Moby Duck The True Story of 28,000 Bath Toys Lost at Sea and of the Beachcombers, Oceanographers, Enviornmentalists, and Fools, Including the Author, Who Went in Search of Them
by Hohn, Donovan.
pub. by Viking (Penguin group), NY, 1971 -       isbn 978-0-670-02219-9 - 2 maps before Prologue - Selected Bibliography p.381-384 - - Notes p. 385-401 - - 402 p.
The extended title describes the book fairly well. It is told narrative style with much of the authors personal family history thrown in. (His wife was pregnant when he started doing the research and his son was over 2 years old by the time it was done. He examines his personal guilt over missing some of his sons early life within the narrative.)

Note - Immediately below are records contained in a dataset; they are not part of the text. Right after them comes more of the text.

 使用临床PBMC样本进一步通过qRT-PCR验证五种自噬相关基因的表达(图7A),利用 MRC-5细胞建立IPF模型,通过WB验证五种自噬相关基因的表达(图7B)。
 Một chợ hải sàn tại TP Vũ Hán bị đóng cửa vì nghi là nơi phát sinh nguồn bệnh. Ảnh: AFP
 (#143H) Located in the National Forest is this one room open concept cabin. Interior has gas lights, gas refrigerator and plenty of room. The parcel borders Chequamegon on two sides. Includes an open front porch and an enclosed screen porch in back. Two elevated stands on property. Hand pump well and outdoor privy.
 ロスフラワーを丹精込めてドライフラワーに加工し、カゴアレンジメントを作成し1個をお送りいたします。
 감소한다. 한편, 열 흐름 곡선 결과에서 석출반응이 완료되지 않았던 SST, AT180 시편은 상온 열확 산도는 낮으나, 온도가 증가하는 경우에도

Hohn does a thorough job, not only exploring where the floating bath toys wound up, and the Pacific gyre (aka the Garbage Patch but also the chemistry and history of the use of plastic. He spends considerable time with various organizations each of which have their own reason for being and whose goals are not always congruent even among the enviornmental folks. He tours the factory in China where the particular bath toys were made... no small thing to get permissions etc. for that part of the venture.

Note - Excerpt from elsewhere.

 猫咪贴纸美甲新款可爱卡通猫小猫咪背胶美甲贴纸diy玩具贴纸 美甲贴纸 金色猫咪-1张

Hohn goes down the literary trail, and it is not a bad aside. Pieces of Melvilles Moby Dick are explored as they relate to mans realtionship with the sea, and general ongoing struggles with nature and his place in nature. (Donovan Hohn is by profession a High School English Teacher.)

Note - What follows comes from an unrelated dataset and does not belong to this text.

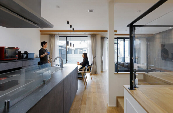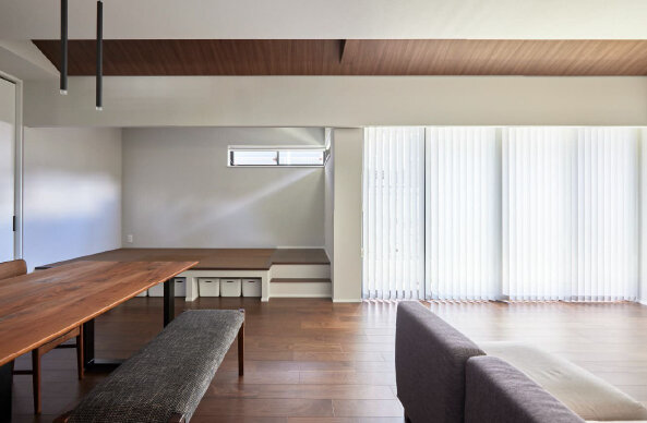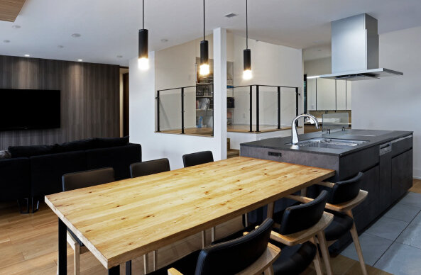 「ライフスタイルの変化に対応できる住まいにしたい」と考えられたKさま。お子さまの成長に伴って柔軟に使える平屋の住まいをご希望されました。広々としたLDKの中心には、スキップフロアをプランニング。ここでお子さまが勉強したり遊んだり、奥さまが趣味の時間を過ごしたり。「子どもたちが目の届くところにいて安心ですし、子どもが巣立った後はワーキングスペースになります」。アイランドキッチンの背面にはパントリーを設けて、いつも美しく保てるように。スキップフロアの下も収納として活用しています。
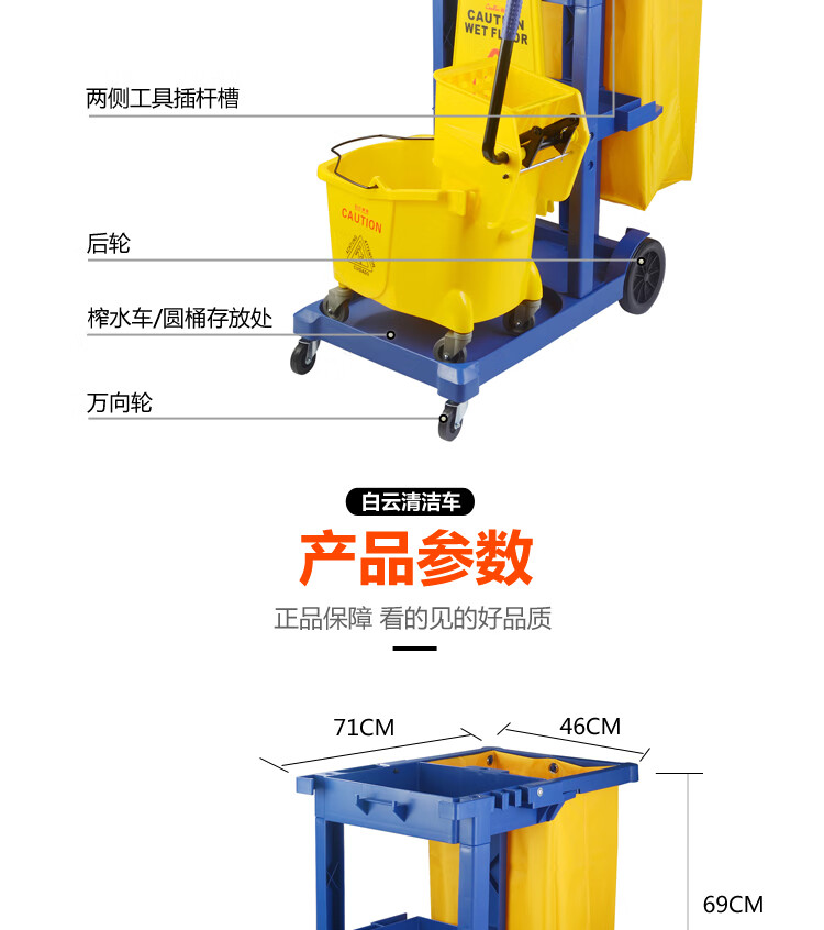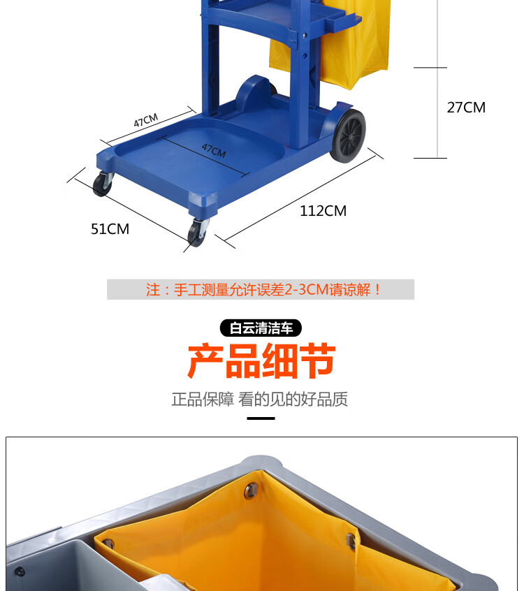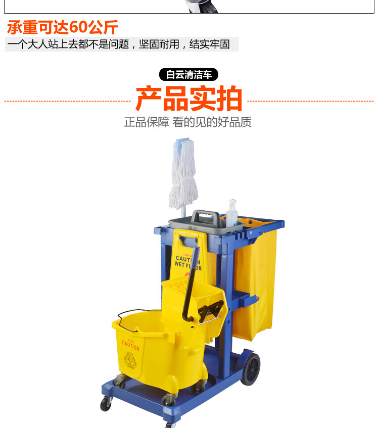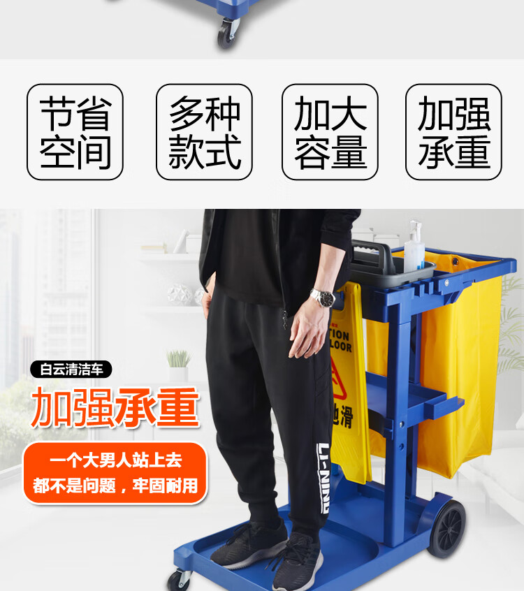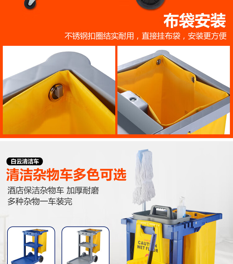 Baiyun cleaning cart multi-functional trolley property cleaning tools guest room cleaning hotel linen blue cart enhanced thickened Baiyun brand

Towards the end he accompanies an expedition by Woods Hole in Massachusetts which goes to the high Arctic north of Canada in search of ocean currents. The most interesting part is that there are subsurface eddies and activity much like the fronts, highs, and lows in the atmosphere... but the watery oceanic ones move much slower.
Read this book if you want a broad view. It will expose you to many interesting ideas, and some interesting science. DO READ the Notes in the back of the book.